The Washington Post sparked controversy yesterday after its editors published an article which appeared to normalize Paddock's actions, describing him as a "high-stakes gambler who 'kept to himself'" before the killings, and while the article is symptomatic of a much larger problem (white American men––who are later memorialized by the media––with no connection to Islam pose a greater domestic threat than Muslim terrorists or foreigners), the general sentiment, that of shock from the murderer's relatives and loved ones.


“If you told me an asteroid fell into Earth, it would mean the same to me. There’s absolutely no sense, no reason he did this,” Paddock's brother Eric Paddock told The Washington Post. “He’s just a guy who played video poker and took cruises and ate burritos at Taco Bell. There’s no political affiliation that we know of. There’s no religious affiliation that we know of.”

Eric Paddock isn't exactly wrong.

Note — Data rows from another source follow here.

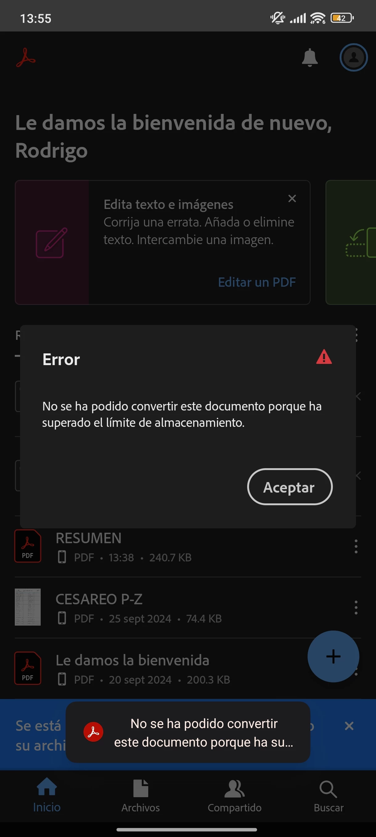 It appears that you've reached your storage limit on Adobe Document Cloud, which may be affecting your ability to upload or sync files.
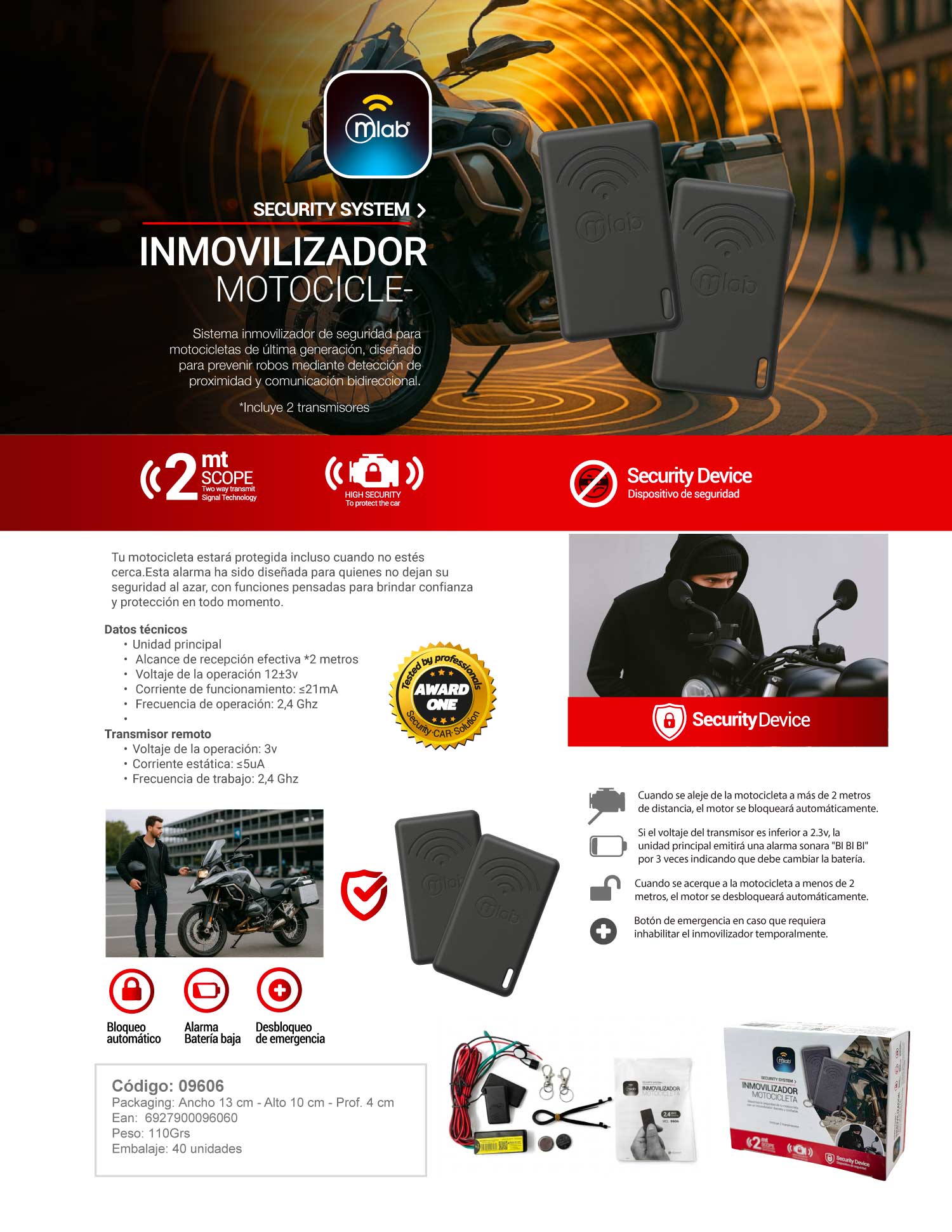 Sistema inmovilizador de seguridad para motocicletas de última generación, diseñado para prevenir robos mediante detección de proximidad y comunicación bidireccional. *Incluye 2 transmisores.
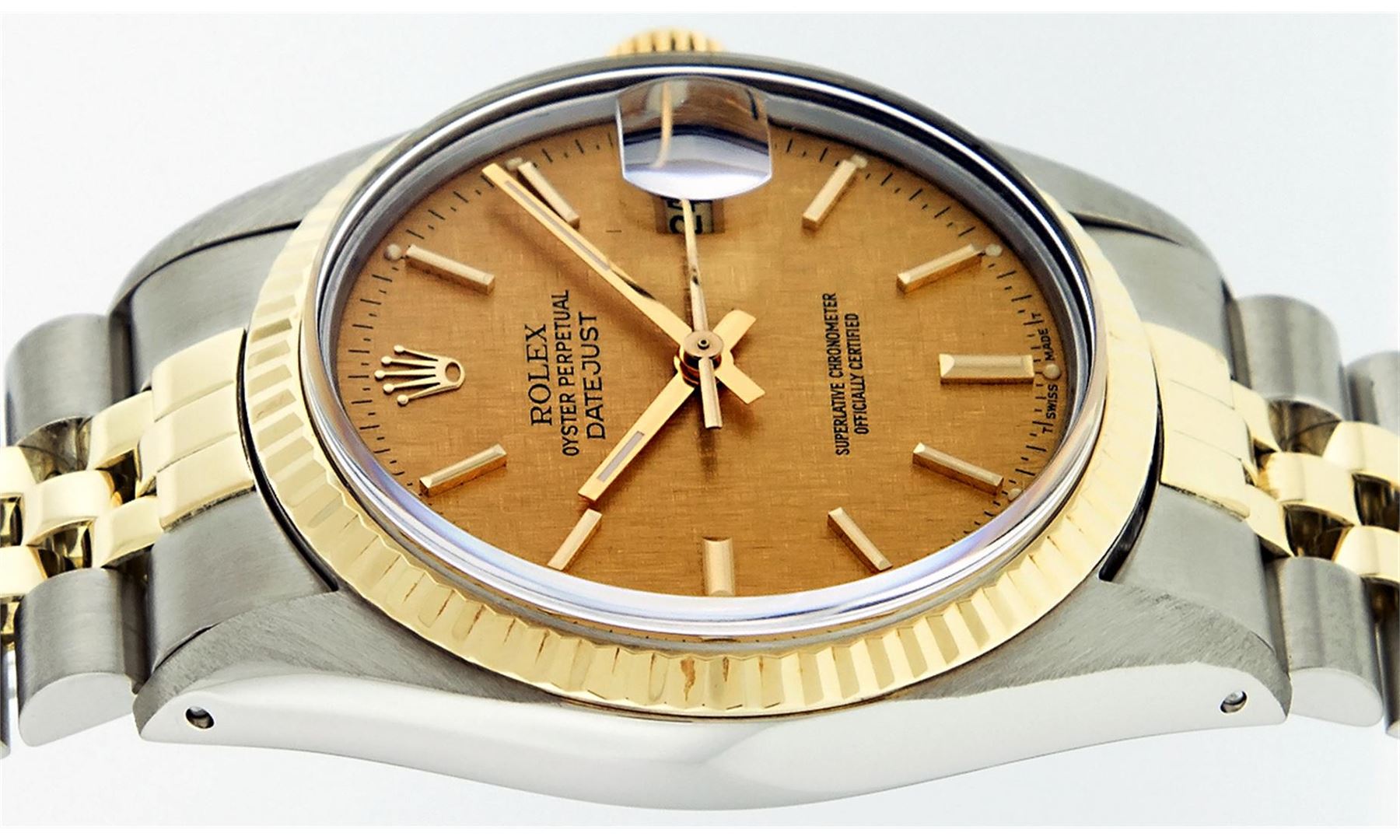 One Mens Pre Owned Quickset Two Tone 14K Yellow Gold And Stainless Steel Datejust Polished, Serviced & Electronically Tested, Yellow Gold & Stainless Steel Case: 36mm, Yellow Gold Crown, Rolex Bezel: 14K Yellow Gold Fluted Bezel. Custom Crystal: New Acrylic With Magnified Date Window. Hands: Luminescent Hands. Rolex Movement: Automatic Winding Movement 3035. Rolex Dial: Champagne Linen Dial With Index Hour Markers and Small Track With Lumi Dots. Date Window: 3 O'Clock Position Date Display, Quickset, Model: Datejust. Condition: G-6 Extra Fine. Rolex Bracelet: Two Tone 14K Yellow Gold & Stainless Steel Jubilee Band. Bright Polish. 7.0 Inch Length, Adjustable. Standard Clasp, With Rolex Logo. This Watch Has Been Serviced Time Tested And Is In Excellent Condition It Is Free Of All Scratches And Dents.

Mass shootings can be motivated by terrorism, and President Donald Trump has regularly been accused of making light of domestic terror incidents, conflating them to mean "radical Islamic terrorism." But Stephen Paddock, a wealthy 64-year-old real estate investor, had no connection to the Islamic State, which claimed him both as a member of the group and as a late convert to Islam––authorities have not corroborated that claim––and, with the exception of a now-resolved minor citation, had had no prior run-ins with law enforcement. Paddock even held a private pilot license and would have had to prove that he hadn’t been diagnosed with psychosis, bipolar disorder or any severe personality disorder. Neighbors gave conflicting reports; some described him as "friendly," and others not so much, but Paddock, they said, gave no indication of the extreme anger, the thought of working for a cause greater than himself, that is so characteristic of mass shooters.

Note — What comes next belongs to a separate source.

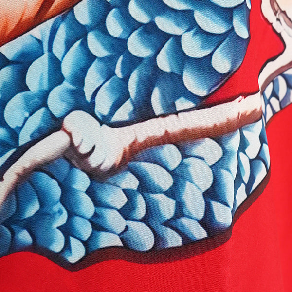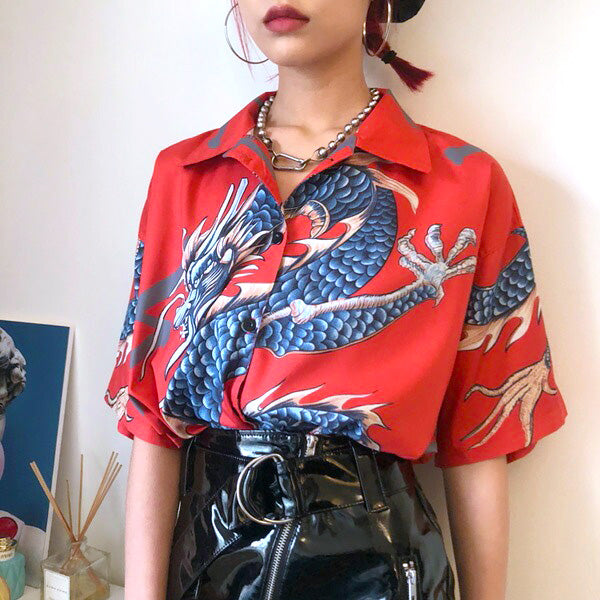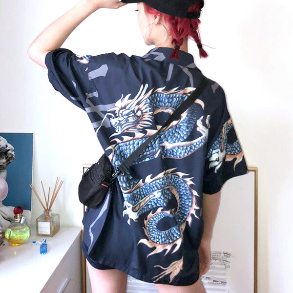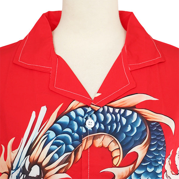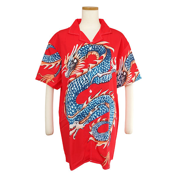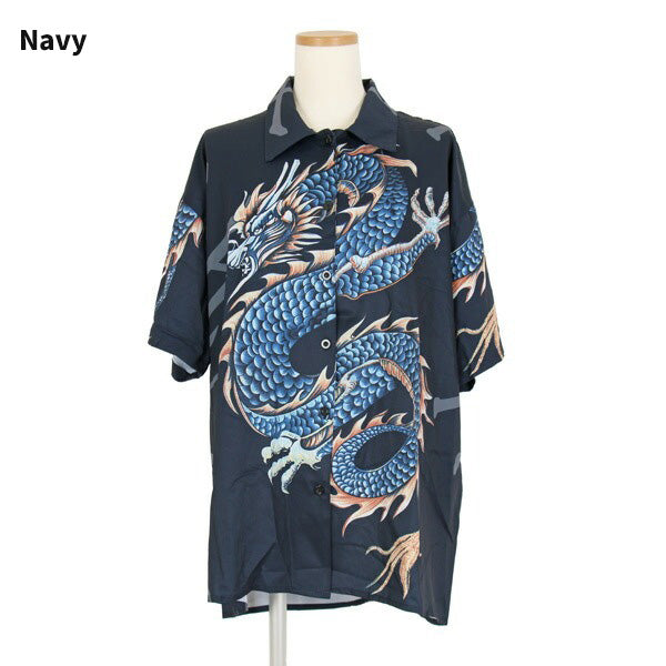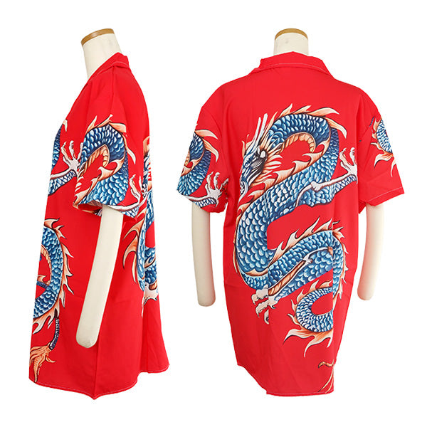 迫力抜群な昇り龍プリントが前後にプリントされた和柄オープンカラーシャツ。
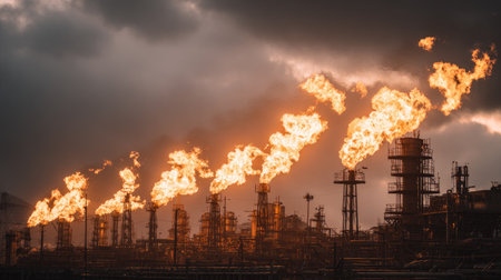 This striking image captures dramatic flames erupting from industrial refinery stacks, silhouetted against a moody, cloudy sky during dusk.

Nor was Paddock a loner. He had a girlfriend, 62-year-old Marilou Danley, who was in the Philippines at the time of the killings, and had been married once before to a woman named Peggy Okamoto who now lives in Southern California. Criminologist James Alan Fox contends that mass murderers are "enabled by social isolation" and typically experience "years of disappointment and failure that produce a mix of profound hopelessness and deep-seated resentment." Paddock defies this stereotype, too. He cannot be compared to 22-year-old Isla Vista killer Elliot Rodger, who uploaded to YouTube a video explaining that he wanted to punish women for rejecting him, before killing six people and injured fourteen others. His case, as far as anyone can tell, does not bear any similarities to that of Christopher Dorner, who declared "unconventional and asymmetric warfare" upon the Los Angeles Police Department in retaliation for his dismissal.

The most unusual thing about Paddock is actually about his father, Benjamin Hoskins Paddock, who once appeared on the FBI’s Ten Most Wanted Fugitives list from 1969 to 1977. The elder Paddock was a notorious bank robber who escaped a Texas prison and ran a bingo parlor in Oregon before the state attorney general filed seven bingo-related racketeering charges against him. An FBI wanted poster once described Benjamin Paddock as "armed and very dangerous," a man who had been “diagnosed as psychopathic." Stories of "Bingo Bruce"––as the elder Paddock referred to himself––have already begun to proliferate on social media. That Stephen Paddock could have inherited some of his father's traits seems an easy explanation, too easy perhaps. At the moment there is still so much we do not know.

“When we talked about a month ago, I can’t believe he was planning this,” said Eric Paddock, who struggles to comprehend the magnitude of his brother's crimes. “But he must have. It takes time. Something broke in his head is the only thing possible. Did he have a stroke? I’m hoping they cut open his brain and find something. There’s a data point missing.”